WHAT YOU SHOULD DO: Set the listing down exactly; no pictures.

[[ SUPPLIED MATERIAL open ]]

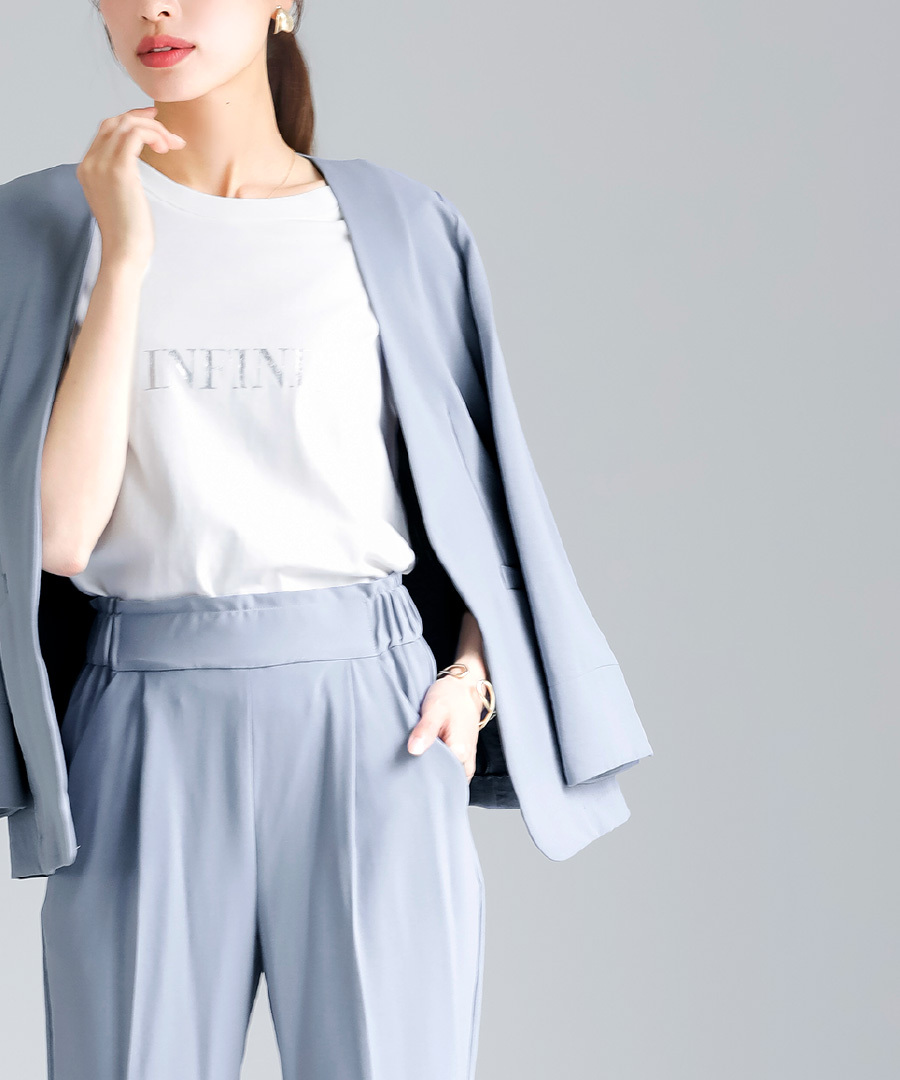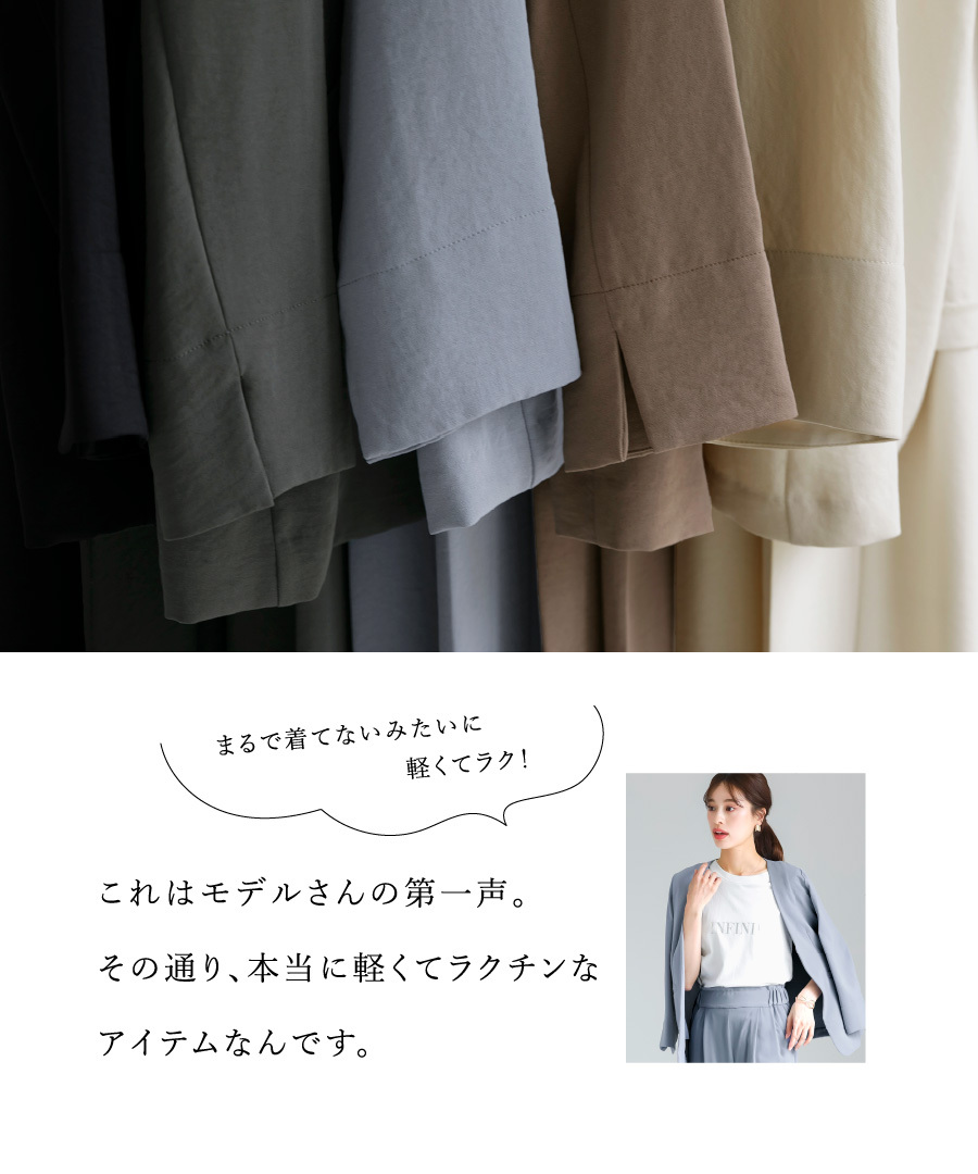ノーカラーデザインが涼し気なカラーレスジャケットと
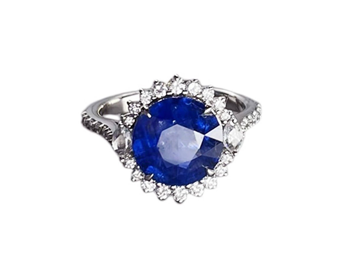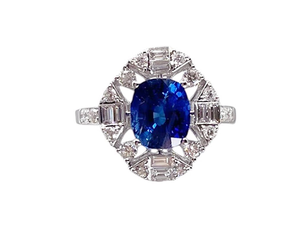 18k Ceylon Sapphire Ring with Diamonds
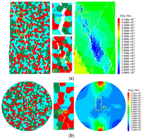 Generally, the failure of the numerical model is the result of the combined action of tensile cracks (T) and shear cracks (S), both of which can be comprehensively determined by the direction of displacement between block units and the magnitude of displacement on either side of the crack. According to Figure 14a, the failure mode can be observed as “X-type conjugate shear failure” and the tensile cracks can be observed locally within the model. According to Figure 14b, it can be seen that the model is primarily tensile fracture. It is worth mentioning that under uniaxial compression, tensile and shear cracks can occur at six types of contact: quartz–quartz, quartz–feldspar, quartz–cement, feldspar–feldspar, feldspar–cement, and cement–cement, among which the three types related to the cement are the main locations where cracks are generated. In the Brazilian splitting numerical simulation, cracks mainly occur at three types of contacts: quartz–cement, feldspar–cement, and cement–cement. The fundamental reason for the above phenomena is that the mechanical properties of cement and the strength of such contact type are significantly lower than those of quartz and feldspar. Therefore, the direction of crack propagation is closely related to the heterogeneity of material composition and contact types.

[[ SUPPLIED MATERIAL closed ]]

EXPECTED OUTPUT:
ノーカラーデザインが涼し気なカラーレスジャケットと
 18k Ceylon Sapphire Ring with Diamonds
 Generally, the failure of the numerical model is the result of the combined action of tensile cracks (T) and shear cracks (S), both of which can be comprehensively determined by the direction of displacement between block units and the magnitude of displacement on either side of the crack. According to Figure 14a, the failure mode can be observed as “X-type conjugate shear failure” and the tensile cracks can be observed locally within the model. According to Figure 14b, it can be seen that the model is primarily tensile fracture. It is worth mentioning that under uniaxial compression, tensile and shear cracks can occur at six types of contact: quartz–quartz, quartz–feldspar, quartz–cement, feldspar–feldspar, feldspar–cement, and cement–cement, among which the three types related to the cement are the main locations where cracks are generated. In the Brazilian splitting numerical simulation, cracks mainly occur at three types of contacts: quartz–cement, feldspar–cement, and cement–cement. The fundamental reason for the above phenomena is that the mechanical properties of cement and the strength of such contact type are significantly lower than those of quartz and feldspar. Therefore, the direction of crack propagation is closely related to the heterogeneity of material composition and contact types.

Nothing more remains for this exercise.